Suitable sulfate surfactants for use herein include water-soluble salts of C8-C18 alkyl or hydroxyalkyl, sulfate and/or ether sulfate. Suitable counterions include alkali metal cation or ammonium or substituted ammonium, but preferably sodium.
The sulfate surfactants may be selected from C8-C18 primary, branched chain and random alkyl sulfates (AS); C8-C18 secondary (2,3) alkyl sulfates; C8-C18 alkyl alkoxy sulfates (AExS) wherein preferably x is from 1-30 in which the alkoxy group could be selected from ethoxy, propoxy, butoxy or even higher alkoxy groups and mixtures thereof.
Alkyl sulfates and alkyl alkoxy sulfates are commercially available with a variety of chain lengths, ethoxylation and branching degrees. Commercially available sulfates include, those based on Neodol alcohols ex the Shell company, Lial—Isalchem and Safol ex the Sasol company, natural alcohols ex The Procter & Gamble Chemicals company.

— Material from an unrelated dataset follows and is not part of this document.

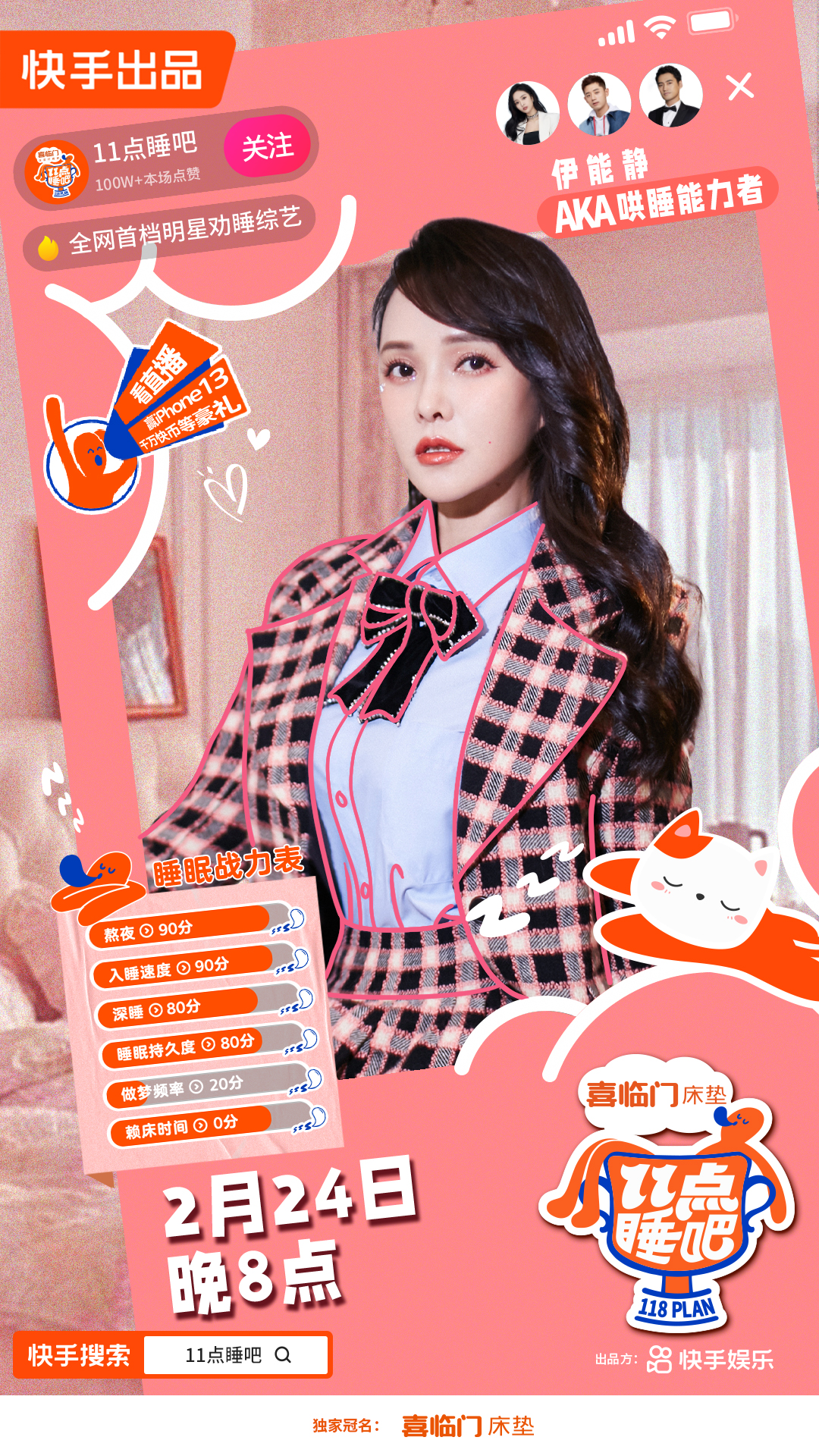 据悉,《11点睡吧》共7期,前6期为睡眠挑战赛,其中4期“睡眠挑战者”由明星艺人组成,2期由快手达人组成。明星达人们将“以身效法”,围绕不同核心主题,持续揭示睡眠健康的普遍问题。

Preferably, the anionic surfactant comprises at least 50%, more preferably at least 60% and especially at least 70% of a sulfate surfactant by weight of the anionic surfactant. Especially preferred detergents from a cleaning view point are those in which the anionic surfactant comprises more than 50%, more preferably at least 60% and especially at least 70% by weight thereof of sulfate surfactant and the sulfate surfactant is selected from the group consisting of alkyl sulfates, alkyl ethoxy sulfates and mixtures thereof. Even more preferred are those in which the anionic surfactant is an alkyl ethoxy sulfate with a degree of ethoxylation of from about 0.2 to about 3, more preferably from about 0.3 to about 2, even more preferably from about 0.4 to about 1.5, and especially from about 0.4 to about 1. They are also preferred anionic surfactant having a level of branching of from about 5% to about 40%, even more preferably from about 10% to 35% and especially from about 20% to 30%.
Sulphonate Surfactant
Suitable sulphonate surfactants for use herein include water-soluble salts of C8-C18 alkyl or hydroxyalkyl sulphonates; C11-C18 alkyl benzene sulphonates (LAS), modified alkylbenzene sulphonate (MLAS) as discussed in WO 99/05243, WO 99/05242, WO 99/05244, WO 99/05082, WO 99/05084, WO 99/05241, WO 99/07656, WO 00/23549, and WO 00/23548; methyl ester sulphonate (MES); and alpha-olefin sulphonate (AOS). Those also include the paraffin sulphonates may be monosulphonates and/or disulphonates, obtained by sulphonating paraffins of 10 to 20 carbon atoms. The sulfonate surfactant also include the alkyl glyceryl sulphonate surfactants.
Non Ionic Surfactant
Nonionic surfactant, when present, is comprised in a typical amount of from 0.1% to 40%, preferably 0.2% to 20%, most preferably 0.5% to 10% by weight of the composition. Suitable nonionic surfactants include the condensation products of aliphatic alcohols with from 1 to 25 moles of ethylene oxide. The alkyl chain of the aliphatic alcohol can either be straight or branched, primary or secondary, and generally contains from 8 to 22 carbon atoms. Particularly preferred are the condensation products of alcohols having an alkyl group containing from 10 to 18 carbon atoms, preferably from 10 to 15 carbon atoms with from 2 to 18 moles, preferably 2 to 15, more preferably 5-12 of ethylene oxide per mole of alcohol. Highly preferred nonionic surfactants are the condensation products of guerbet alcohols with from 2 to 18 moles, preferably 2 to 15, more preferably 5-12 of ethylene oxide per mole of alcohol.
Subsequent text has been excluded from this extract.